- Summit depth: 420 metres (1,380 ft)

Location
- Coordinates: 25°11′S 129°23′W﻿ / ﻿25.183°S 129.383°W

= Bounty Seamount =

Seamount in the Pacific Ocean near Pitcairn Island

Bounty Seamount is a seamount in the Pacific Ocean, which reaches a depth of 420 m or 450 m. It is about 3950 m high.

== Geology and geomorphology ==

The seamount is part of a group of seamounts about 100 km away from Pitcairn Island, which includes several small seamounts and the large Adams Seamount. These seamounts were discovered in 1989.

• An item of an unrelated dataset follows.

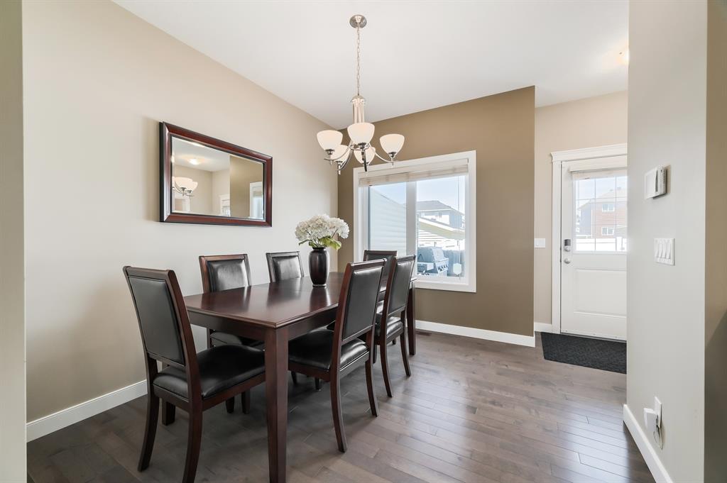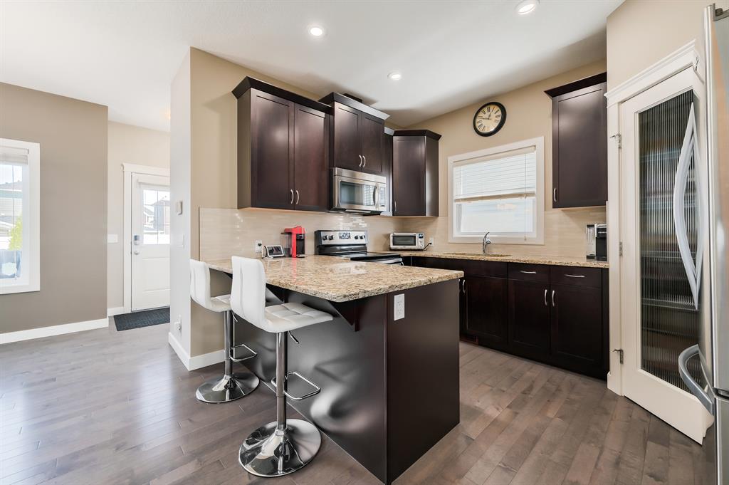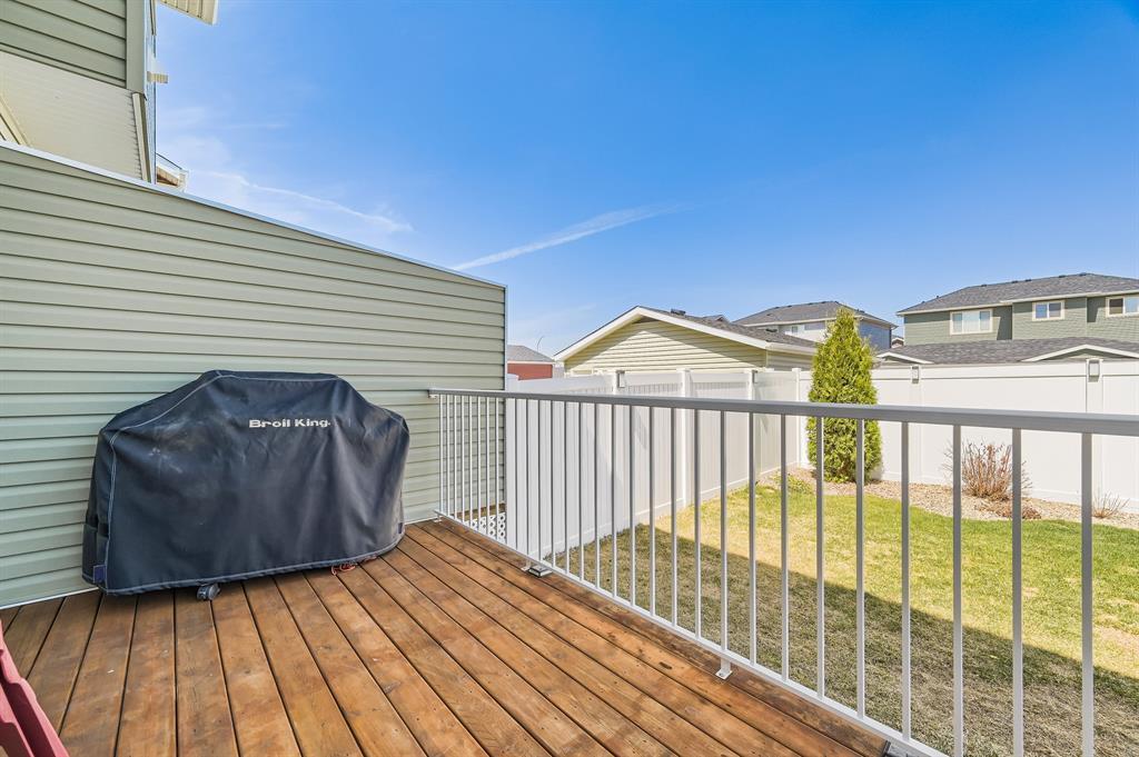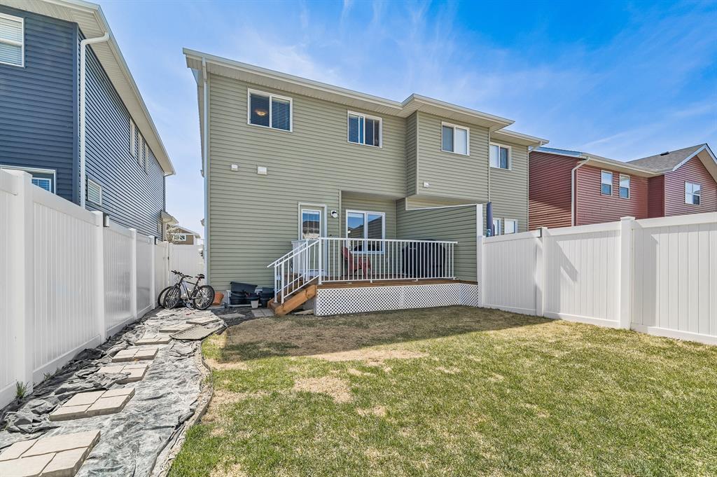 ***OPEN HOUSE DATES: Saturday May 13th and Sunday May 14th 1:00 - 3:00 pm*** This beautiful, extremely well-maintained home is perfect for families! The expansive front porch greets guests and entices peaceful morning coffees. Inside this immaculate home impresses with stylish décor, gleaming hardwood floors and a plethora of natural light. The living room invites relaxation and cozy evenings binging shows and movies (the TV mount is included!). Culinary creativity is inspired in the gorgeous kitchen featuring stone countertops, stainless steel appliances, rich cabinets, a pantry for extra storage and a peninsula island with seating. Clear sightlines into the dining room are perfect for entertaining. A handy powder room and laundry complete this level. Spacious and bright, the primary suite promotes calm and includes a private ensuite with dual sinks and an oversized shower. 2 additional bedrooms and a 4-piece main bathroom are also on this level. The basement awaits your dream development with loads of space for everything else on your wish list. Barbeque, lounge and soak up the sun on the rear deck while kids and pets play in the grassy, fully fenced yard. A large parking pad provides off-street parking and room for a future garage. Friendly neighbours add to the charm of this family-oriented community that offers two new school sites, a brand-new commercial development, multiple parks, pathways and green spaces plus easy access to Stoney Trail and Country Hills. This growing community is mere minutes to Cross Iron Mills and can take advantage of the skating rink in neighbouring Skyview Ranch. Truly an outstanding home in an unsurpassable location! (id:22211)

Bounty has a conical shape, with three summit cones and several rift zones. Pillow lavas and hyaloclastite cover its slopes, and parasitic vents can be observed as well. The volcano has a volume of about 310 km3 and has a width of 19 km at its foot. Bounty has erupted rocks with compositions of alkali basalt, trachyandesite and trachyte.

== Eruption history ==

Bounty Seamount was formed in several stages, and it could have developed over a time of 58,000 years. Alkali basalts from Bounty have been dated by potassium-argon dating to be 344,000 ± 32,000 years before present. Nevertheless, traces of recent volcanic activity and of hydrothermal venting have been found.

This hydrothermal venting manifests itself by the release of low-temperature fluids and the formation of iron-rich crusts. Temperatures of vented fluids amount to 14–19 C.